Work to complete -
Locate the line that contains "Όσιος Σισιώης ο μεγάλος" in the data that follows. Copy it and every subsequent line to the end, exactly, excluding pictures.

Data excerpts

-- -- --

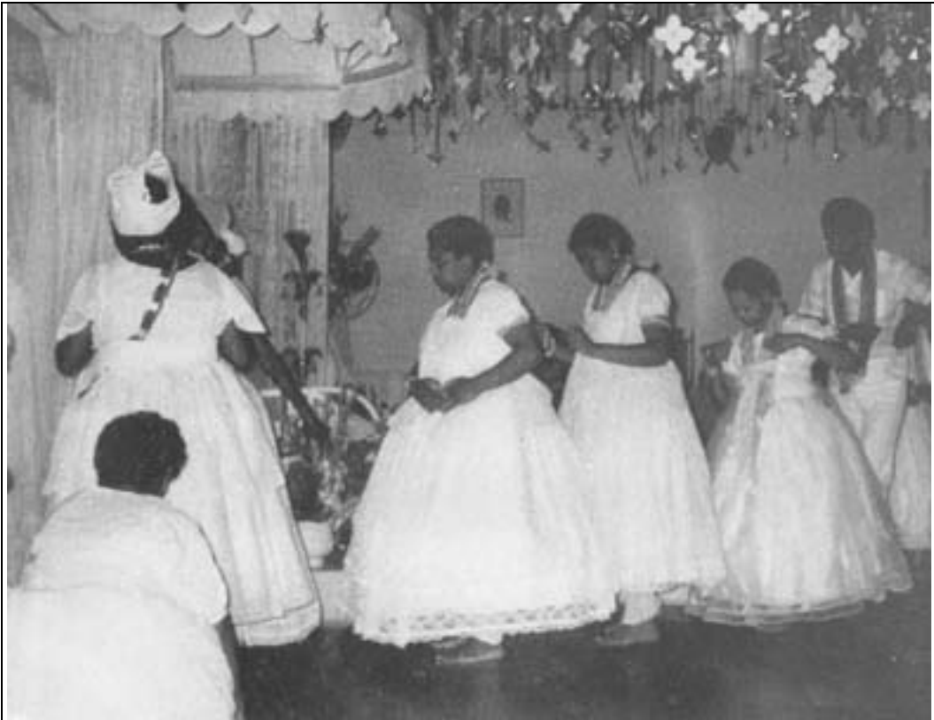
Um barco de iaôs (iniciados na mesma época) na roda-de-santo do Aché Ilê Obá, o terreiro tombado pelo Condephaat.
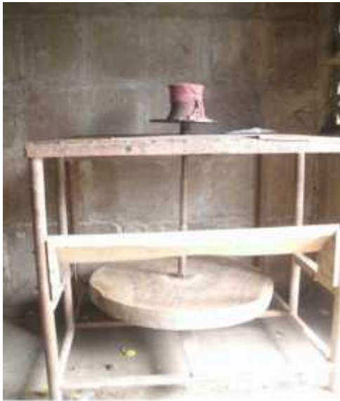
Ilustración 3: Torno artesanal es una herramienta para elabora las piezas, de artesanía donde solo se utilizan las manos y los pies para elaborar las piezas de barro ejerciendo una fuerza sobre la pieza.

Después que el barro está listo lo empacan en bolsas blancas transparentes listos para ser vendidos a otros artesanos
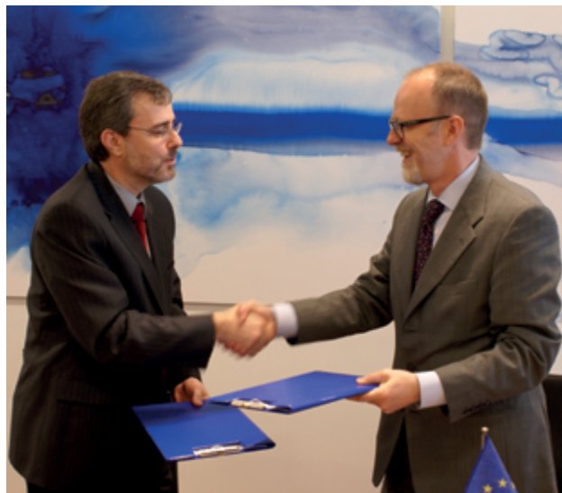
ECHA ja Kanada vaheline vastastikuse mõistmise memorandum kirjutati alla 2010. aastal.

potentsiaalsete kandidaatriikidega, siis Euroopa naabruspoliitika keskendub kokkulepetele ja ühistegevusele 16 riigiga, kes asuvad liidu vahetul välispiiril. ECHA on panustanud mõlemasse poliitikavaldkonda ELi õigustiku ühtlustamise, kohaldamise ja jõustamise kaudu.
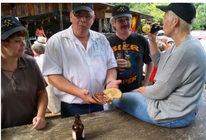
Gell Tom, das sinn Schmiere, do könnt ihr gucke.
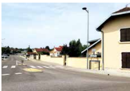
● Chemin du Defois : réfection des trottoirs
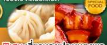
พิเศษ เสี่ยวหลงเป่า หมูแดงพอ เดินทาง ม.ค. - มิ.ย. 69
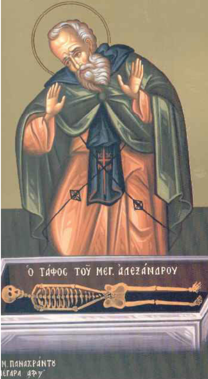
Όσιος Σισιώης ο μεγάλος
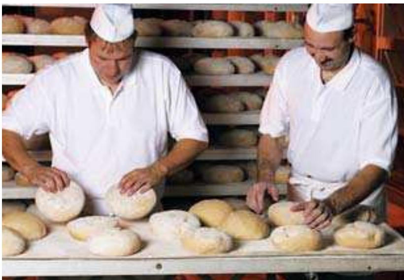
Auf Qualität wird in der Backstube bei Krachenfels gesetzt.
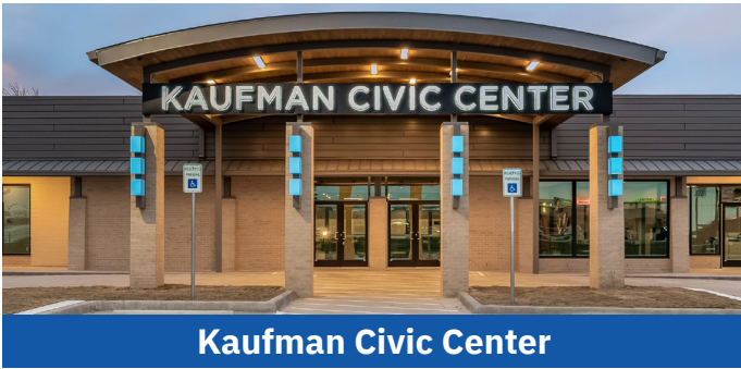
Kaufman Civic Center
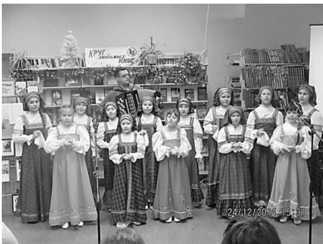
В библиотеке семейного чтения имени Александра Неверова
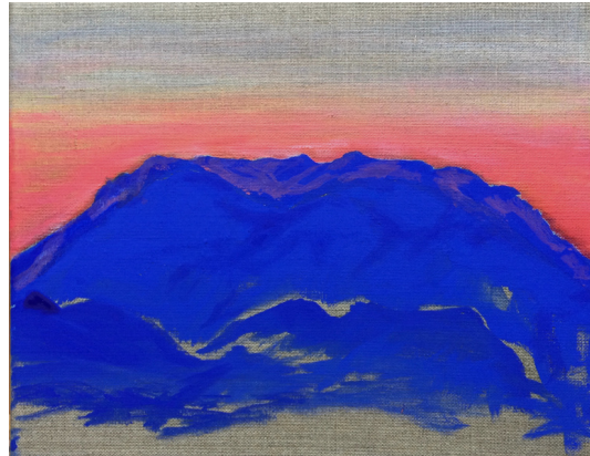
WILDE KAISERIN, 2018 MISCHTECHNIK AUF LEINWAND, 24*30 CM
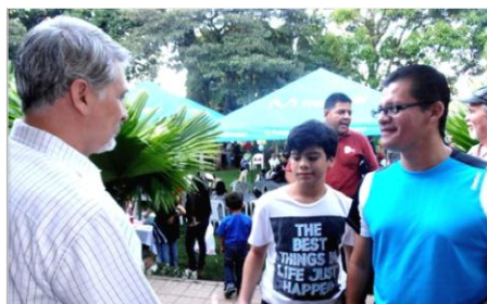
Embajador Figueroa saluda miembros de la comunidad salvadoreña.

-- -- --

Response for this exercise -
Όσιος Σισιώης ο μεγάλος
Auf Qualität wird in der Backstube bei Krachenfels gesetzt.
Kaufman Civic Center
В библиотеке семейного чтения имени Александра Неверова
WILDE KAISERIN, 2018 MISCHTECHNIK AUF LEINWAND, 24*30 CM
Embajador Figueroa saluda miembros de la comunidad salvadoreña.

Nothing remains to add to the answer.